Published online by Cambridge University Press: 05 June 2012
Foundations of the social security system
Workers' compensation
Although the origins of the modern social security system have been traced to the poor law of the Elizabethan age, it is sufficient for our purposes (since we are concerned primarily with disability) to look no further back than 1897 when the first Workmen's Compensation Act was passed. In the nineteenth century the tort system rarely provided any compensation to the victim of an industrial injury because of the three defences which the courts had evolved for the protection of employers – namely common employment, denying liability for the negligence of a fellow worker; contributory negligence, denying liability where the worker was partly responsible for their own injuries; and volenti non fit injuria (assumption of risk) which (as then interpreted) denied liability for injuries occurring from a known and obvious risk.
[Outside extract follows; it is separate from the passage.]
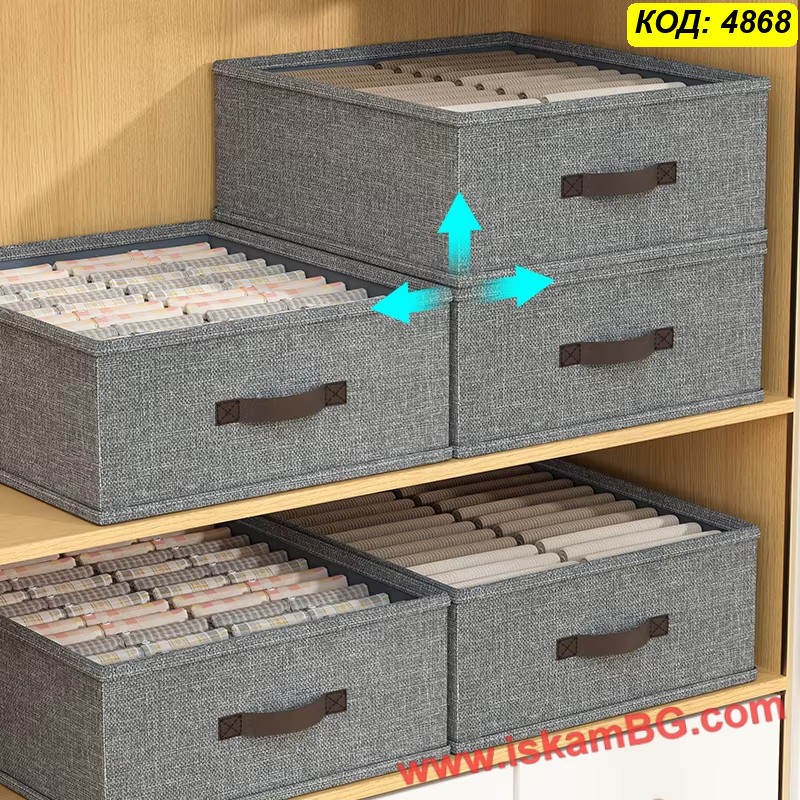 Оптимизирайте пространството в дома си с нашия голям текстилен органайзер за дрехи с размери 50x50x20 см. Идеалното решение за подредба на дънки, пуловери и тениски в гардероба или чекмеджето. Сгъваем, дишащ и изключително здрав.

However, in 1880 Parliament passed the Employers' Liability Act, which restricted the scope of the doctrine of common employment; and in 1891 the House of Lords limited the availability of the defence of volenti. Furthermore, between 1878 and 1901 a stream of new factory legislation emerged dealing with the health and safety of workers, and the common law responded with the creation of the action for breach of statutory duty.
But these developments were dwarfed in significance by the enactment in 1897 of the Workmen's Compensation Act, which broke away entirely from the common law principle that liability must be based on fault, and conferred on a worker (orthe worker's dependants) a right to compensation for any accident ‘arising out of and in the course of employment’.